TikTok's ascension to the top is nothing short of spectacular. It successfully dethroned Instagram, which had held the top spot since December of the previous year. TikTok and Instagram's rivalry is one of ongoing invention and adaptability. TikTok's distinct format and ability to capture the moment's zeitgeist have enabled it to consistently entice consumers worldwide.

Instagram's Silver Lining

In the second position, we find Instagram, the photo-sharing behemoth that continues to charm users with its captivating visuals and engaging features. With 52 million downloads in August, Instagram is far from being overshadowed by TikTok's meteoric rise.

One has to wonder if Threads, a standalone app launched by Instagram for close friends, had anything to do with Instagram's brief drop from first place. Threads aimed to provide users with a more intimate messaging experience may have sapped some of Instagram's momentum. It's an intriguing subplot in the larger story of app dominance.

The Facebook Trio's Tenacity

Moving down the rankings, we encounter the trifecta of Facebook, WhatsApp, and Telegram, securing spots three, four, and five, respectively. Facebook and WhatsApp, veterans in the app arena, have firmly entrenched themselves in these positions for quite some time. Meanwhile, Telegram, the upstart contender, has been making steady strides in recent months, finally breaking into the top five with a whopping 25 million new downloads.

The tenacity of Facebook and WhatsApp in retaining their ranks demonstrates their ongoing popularity. Their pervasiveness in our daily lives demonstrates their ability to adapt and evolve in an ever-changing digital context. The rise of Telegram, on the other hand, demonstrates the growing hunger for alternative messaging services, indicating a shift in user preferences.

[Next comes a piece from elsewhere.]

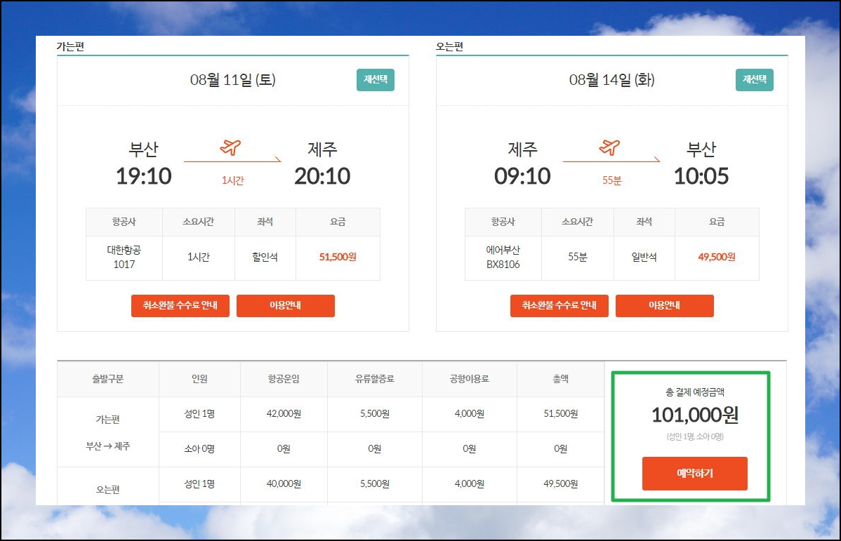 티켓 정보를 최종 확인을 한 후에 예약을 버튼을 누르시면 됩니다. 부산에 있는 김해 국제공항에서 제주로 갔다가 돌아오는 날짜와 시간을 확인하고, 항공권 가격에 포함이 되는 항공운임, 공항이용료, 유류할증료 등을 살펴보세요.

A Rising Star - Temu's Triumph

Now, let's turn our attention to the star of the hour—Temu. Although not a household name, Temu has quietly been dominating the App Store charts for some time. However, it never broke into the top 10 charts until August.

Temu's spectacular leap to eighth place in August is an inspiring story of perseverance and improvement. This unheralded hero has taken the app market by storm, with a whopping 22 million new downloads. Even more impressive is Temu's success on Google Play in 2023. Google Play downloads increased by 500%, indicating the app's expanding prominence in the Android ecosystem.

As we head into the holiday season, it's safe to assume that Temu's upward trajectory will continue. Users are drawn to its unique features and offerings, and it's only a matter of time before Temu becomes a household name.

Threads Still Hanging Around

Threads, once the talk of the town, is now gently sinking into obscurity. Threads is no longer the belle of the ball, but it is far from forgotten. Threads received a healthy 19 million downloads in August, roughly evenly split between the App Store and Google Play. It's the app world's version of a bittersweet nostalgia trip.

Threads' loss in popularity reflects app users' ever-changing tastes. What was once a novel idea now faces fierce competition from TikTok, Instagram, and Temu. Threads' ability to remain in the top 10, albeit at a lower rank, speaks volumes about its ongoing attraction to a loyal user base.

Summing It Up

Together, according to our estimates, the top 10 most downloaded apps in the world amassed a staggering 318 million new downloads in August from the App Store and Google Play combined. It's worth noting that this number may seem slightly lower than July's figures, but a closer look reveals that Threads is the primary reason for this discrepancy. Removing Threads from the equation, August's performance closely mirrors that of July, as expected.

To summarize, the world of mobile apps is a dynamic, ever-changing arena where innovation, competition, and consumer preferences collide. The app universe is packed with surprises and stories waiting to be told, from TikTok's global supremacy to Temu's unexpected rise and Threads' gracious goodbye. As we move forward, it's impossible not to wonder what new advances the world of mobile apps has in store for us next. Keep those app stores handy, my readers, because the journey hasn't ended yet!

H/T: AppFigures
Read next: Snapchat's Cash Flow Surges with August's In-App Revenue Success Story
by Rubah Usman via Digital Information World

Snapchat's Cash Flow Surges with August's In-App Revenue Success Story

Prepare to snap your fingers because Snapchat+, Snap's clever in-app revenue source, is making waves in the digital world. This unique innovation generated its highest-ever monthly revenue in August, up more than 12% from the previous month and more than 250% since its launch in July of the previous year.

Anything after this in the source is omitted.